Pour mon plus grand malheur, je n’ai pas pu assister à toutes ces discussions – des activités d’enseignement combinées à la nécessité de trouver du temps pour alimenter le blogue ayant eu raison de mon désir de le faire. Cette lacune me semble d’autant plus paradoxale qu’une parenté d’attitude guidait, il me semble, notre implication (à P.S. et TouVA) au sein du festival, celle de rendre hommage, par nos interventions quotidiennes, à la générosité des artistes et du public ayant construit l’édition 2011. Cette volonté, évidemment, s’accompagnait du souhait d’alimenter la réflexion, d’en faire une substance vivante et dynamique. Car en tant que collectif de recherche, autant PS que TouVA nous connaissons, pour le vivre chacun à notre manière depuis plusieurs années, la nécessité et la richesse de cette interdépendance de la pensée et de la pratique.
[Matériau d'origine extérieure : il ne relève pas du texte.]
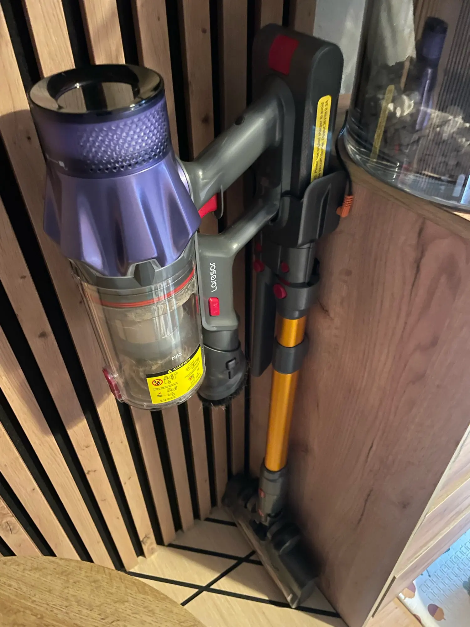 The vacuum cleaner works very well. It handles tiles, panels, and carpets well. The only downside is the battery, which runs out quickly. Overall, I recommend it.
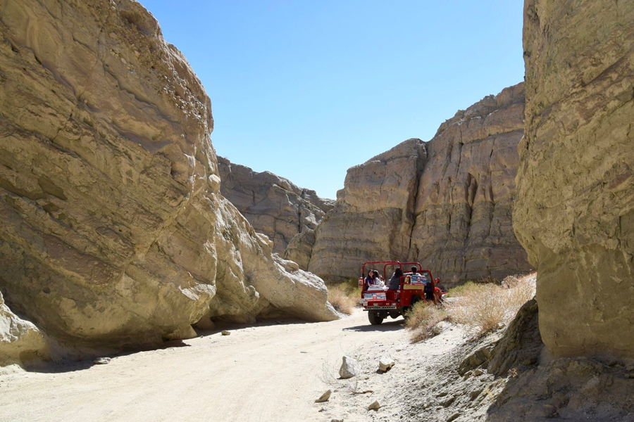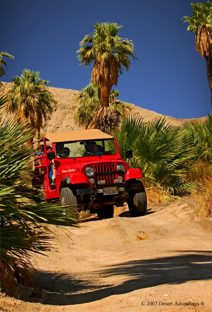 A certificate for $100.00 off of an eco-tour from Red Jeep Tours. Certificate is valid for the San Andreas Fault Jeep or Hiking Tour, which is in the greater Palm Springs area and generally costs approximately $125.00 per person.

Mais la nature même de nos activités au sein de Viva! et les contraintes logistiques et temporelles liées à ces activités nous ont amenés à les vivre en parallèle davantage qu’en collaboration.
Toutes les fois où j’ai assisté aux discussions du midi, j’ai trouvé là un terrain foisonnant, productif et fécond. Un trésor dont j’aurais souhaité être mieux en mesure de rendre compte dans les textes du blogue.
Mais comme nous avions choisi de commenter chaque performance et de le faire sur le vif, sans attendre, il devenait quasiment impossible – faute de temps, cet ennemi baudelairien source de tant de tracas – d’y associer aussi les discussions du midi. Et je crois que l’inverse est aussi vrai : Performer Stammtisch aurait souhaité enrichir le blogue de ses propres réflexions, en une circularité que rendait impossible la simultanéité de nos activités parallèles. Mais peut-être que cet état de fait nous donnera la possibilité de trouver dans l’avenir une façon de faire se croiser nos expériences communes?
En cette fin de festival, il importe de dire à quel point l’expérience que fut pour nous la réalisation d’un blogue fut enrichie par l’extraordinaire fourmillement de la programmation, la chaleur des contacts humaine et la sensible efficacité de l’organisation.